Lumen Roundtable: Transformation Today to Control Tomorrow

centurylink 2 sep

CenturyLink is now Lumen Technologies

Sponsored content: Wednesday, 2nd September 2020 – Singapore

Focus Network, in partnership with Lumen, brought together leading Singapore-based IT executives from both local and international enterprises to discuss important Industry topics, including:

The impact of COVID-19 on their businesses, and the new Future of Work to rebound from the effects of COVID-19

  • Strategies being considered or currently implemented to enable their companies’ transformation agendas
  • Best practices for rapidly delivering and running applications and workloads to maximize business responsiveness

The session was coordinated by Tyron McGurgan from Focus Network and providing great insights to the discussions were experienced strategy and thought leaders

Chris Levanes, Director of Solutions Marketing and BizOps, Lumen who is a veteran of the ICT industry with 20+ years of experience and has held numerous regional executive roles with Industry leaders – Red Hat, Microsoft and Hewlett Packard.

Chris Rezentes, Director, Product Management (Network), Asia Pacific, Lumen who leads the regional product strategy, P&L, and roadmap for Lumen’s entire network portfolio, and has extensive experience overseeing the strategy and expansion of fiber networks across APAC.

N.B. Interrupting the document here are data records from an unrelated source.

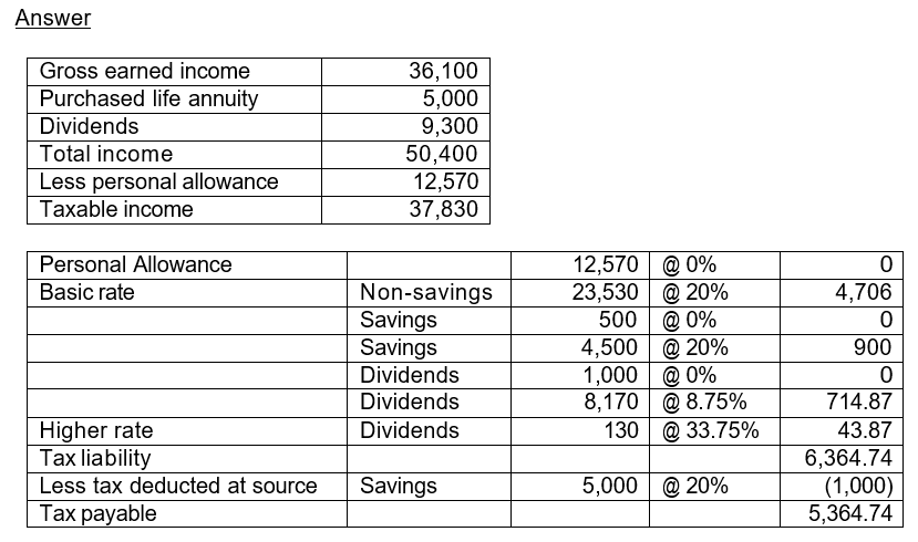 As a higher-rate taxpayer Jackson is entitled to a £500 personal savings allowance. The remaining savings income is charged to tax at 20% and he is entitled to a refund of the tax taken at source from the purchased life annuity.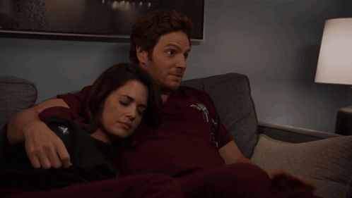 Nick Gehlfuss as Will Halstead shushes while a woman rests on his shoulder on a couch, in a quiet moment from Chicago Med.
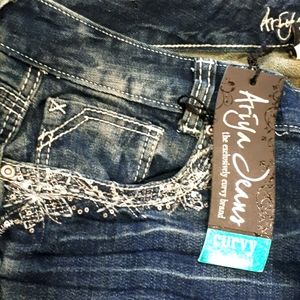 Curvy, slim fit jeans. Brand new, never worn. Lots of detail, good jeans to dress up or down.

Reflecting upon the last 8 months

Levanes began the roundtable by reflecting upon the significant disruption that has occurred across the macro landscape. “A little over 8 months ago, most of you were probably focused upon Digital Transformation (DX), as was evident by data from the IDC FutureScapes survey of global CEOs.  Which meant that to some degree or another, either you, your department or your organisation was likely looking to invest or continue upon DX initiatives in 2020, to ensure you remained competitive in the new digital future landscape.  However, with the advent of the COVID-19 pandemic, it can be overstated how pervasive the impact has had upon our social structure on a daily basis.

Levanes continued, “At the same time, the business impact to COVID -19 has been just as severe. Entire countries and economies have been subjected to government mandated shutdowns, resulting in new workplace health and safety regulations, restrictions on travel and business interactions, and so forth.  While every organisation and industry vertical are different, generally the impact can be characterised across the 3 common areas: 1) How you engage and interact with your Customers, 2) How you leverage and do business with your Supply Chains and 3) How you maintain your Operations to keep the business running and the lights on.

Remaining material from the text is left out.